When Auriane reached the other side, the white-haired Sister seemed to show slight surprise that she was not writhing on the floor as her other two appearances. This time, she stood tall. The things she had done broke her heart, but she had completed the test. She was Accepted. The Amyrlin Seat herself stood before her, stoled and proud. To each side of her stood a Sister from each Ajah, wearing their ceremonial shawls, all serene. It was a grand sight. Auriane stepped towards the Amyrlin and knelt there.

 

The Amyrlin Seat held the final chalice, and ritually poured its contents over Auriane’s already soaked head. “You are washed clean of Auriane Feidwyn of the Black Hills,” she chanted. “You are washed clean of all ties that bind you to the world. You come to us washed clean in heart and soul.

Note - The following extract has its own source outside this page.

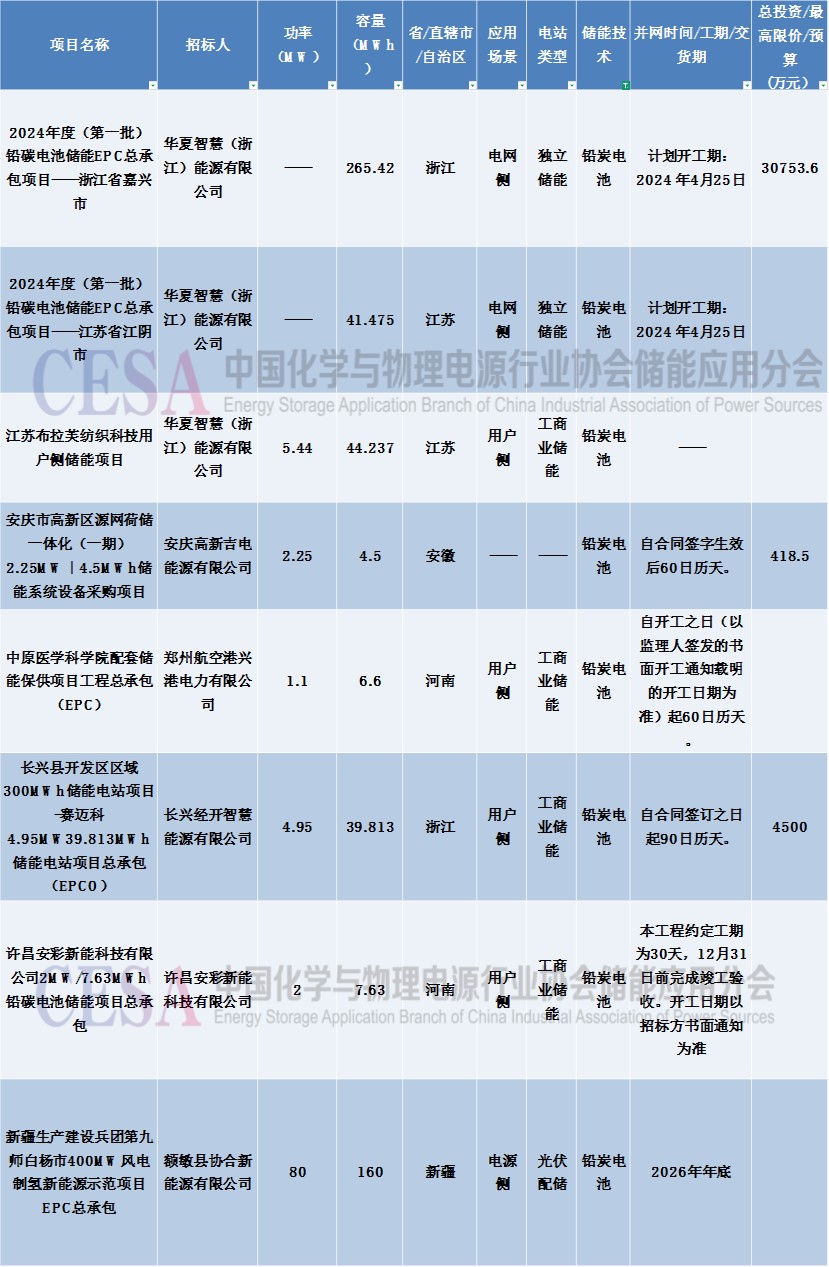 從市場情況來看,據(jù)CESA儲能應用分會不完全統(tǒng)計2024年應用鉛炭電池技術的新型儲能招標項目共計8個,規(guī)模合計95.74MW/569.67MWh,投資總額35672.06萬元。其中最大投資額項目為2024年度(第一批)鉛炭電池儲能EPC總承包項目,具體建設地點位于浙江省嘉興市與江蘇省江陰市,擬新建AGM鉛酸鉛炭電池儲能電站,裝機容量分別為265.421MWh、41.475MWh。項目充分利用所在地區(qū)峰谷電價特點,通過合理規(guī)劃儲能,可節(jié)約電力資源,降低能耗成本,對提升當?shù)仉娋W(wǎng)平衡調(diào)節(jié)和安全保障能力具有重要意義。項目將采用先進的鉛炭電池技術,為相關區(qū)域提供高效、穩(wěn)定的儲能解決方案,助力能源的優(yōu)化配置和利用。計劃開工期為2024 年4月25日。

You are Auriane Feidwyn, Accepted of the White Tower.”

 

Auriane could not help herself but to beam with pride as the Amyrlin continued. “You are sealed to us, now. Welcome, daughter.” The Amyrlin passed the silver chalice to one of the Sisters behind her and turned back to Auriane, now with a golden ring in hand. It was a snake, biting its own tail. The Great Serpent Ring of the Aes Sedai. Auriane offered her hand incredulously, and the Amyrlin slipped onto the ring finger of her left hand. It felt strange. Auriane had never worn a ring before, and here she was with one made of gold.

 

Auriane stood, and the Amyrlin said: “Welcome, Daughter.” She kissed the girl on both cheeks and said again, “Welcome.”

 

When the ceremony was over, Auriane had to embrace the Source, just for a split second. She was met with stern looks from some of the Aes Sedai in the room with her, and understanding looks from others. She just had to check it was still there.